Ahmad Dhani bahkan sampai menyindir Ariel dengan menyebutnya “sok kaya dan egois” karena dianggap hanya mementingkan kepentingan pribadi.
Namun, alih-alih membalas sindiran tersebut, Ariel memilih menjelaskan secara mendalam tentang sistem royalti dan hak cipta yang berlaku di Indonesia.
Ariel menjelaskan bahwa polemik ini berawal dari dua pasal dalam Undang-Undang Nomor 28 Tahun 2014 tentang Hak Cipta yang dinilai saling bertentangan.
Pasal 9 ayat (3) melarang penggunaan komersial ciptaan tanpa izin pencipta, sementara Pasal 23 ayat (5) memperbolehkan penggunaan tersebut jika dibayar melalui Lembaga Manajemen Kolektif (LMK).
“Ini dia yang menjadi permasalahan saat ini. Keduanya terlihat saling bertentangan.

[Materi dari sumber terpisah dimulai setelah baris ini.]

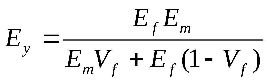 где Ef, Em – модуль упругости волокон и матрицы соответственно; Vf, Vm – объемная доля волокон и матрицы соответственно.

Tapi umumnya selama ini saya dan kebanyakan pelaku industri musik di Indonesia memahaminya bahwa pasal ini tidaklah saling bertentangan, tapi diatur untuk saling melengkapi demi kelancaran atau efisiensi dalam pelaksanaan ekonominya,” jelas Ariel.
Perdebatan semakin memanas dengan adanya wacana penerapan direct licensing, yaitu perizinan langsung dari pencipta lagu tanpa melalui LMK.
Ariel menilai gagasan ini muncul karena ketidakpuasan para pencipta lagu terhadap kinerja LMK yang dianggap tidak transparan dan kurang efisien.
“Saya berasumsi direct licensing ini muncul atas dasar kekecewaan para pencipta lagu kepada LMK yang berfungsi melaksanakan hak ekonomi mereka,” kata Ariel.
Meskipun Ariel mengakui bahwa direct licensing adalah hak individu pencipta lagu, ia menyoroti berbagai kendala dalam penerapannya.
Menurutnya, belum jelasnya aturan teknis, pembagian keuntungan, dan pajak royalti menjadi persoalan besar.
“Alangkah baiknya apabila direct licensing sudah disepakati dari awal kerja sama antara penyanyi dan pencipta, bukan secara tiba-tiba di tengah-tengah setelah lagunya populer,” tambahnya.
Siapa yang Harus Membayar Royalti?
Ariel juga menyoroti kebingungan mengenai siapa yang seharusnya membayar royalti kepada pencipta lagu.
Menurut UU Hak Cipta, royalti untuk pencipta lagu harus dibayarkan oleh penyelenggara konser melalui LMK.
Namun, ada wacana bahwa penyanyi yang harus membayar langsung kepada pencipta lagu.
“Kita pelaku industri musik ini bukanlah yang berwenang menetapkan peraturan. Maka menurut saya, yang membuat peraturan lah yang berhak menjelaskan bagaimana seharusnya,” tegas Ariel.
Menutup penjelasannya, Ariel menegaskan bahwa dirinya belum siap menerapkan sistem direct licensing.
Ia masih membutuhkan LMK untuk mengelola hak ekonominya, dengan catatan LMK harus kredibel dan transparan.
“Saya merasa tidak mampu untuk melaksanakan direct licensing seperti yang dibicarakan saat ini. Saya masih membutuhkan LMK untuk mendapatkan atau mengelola hak saya. Tentunya LMK yang kredibel dan bisa dipercaya,” tandasnya.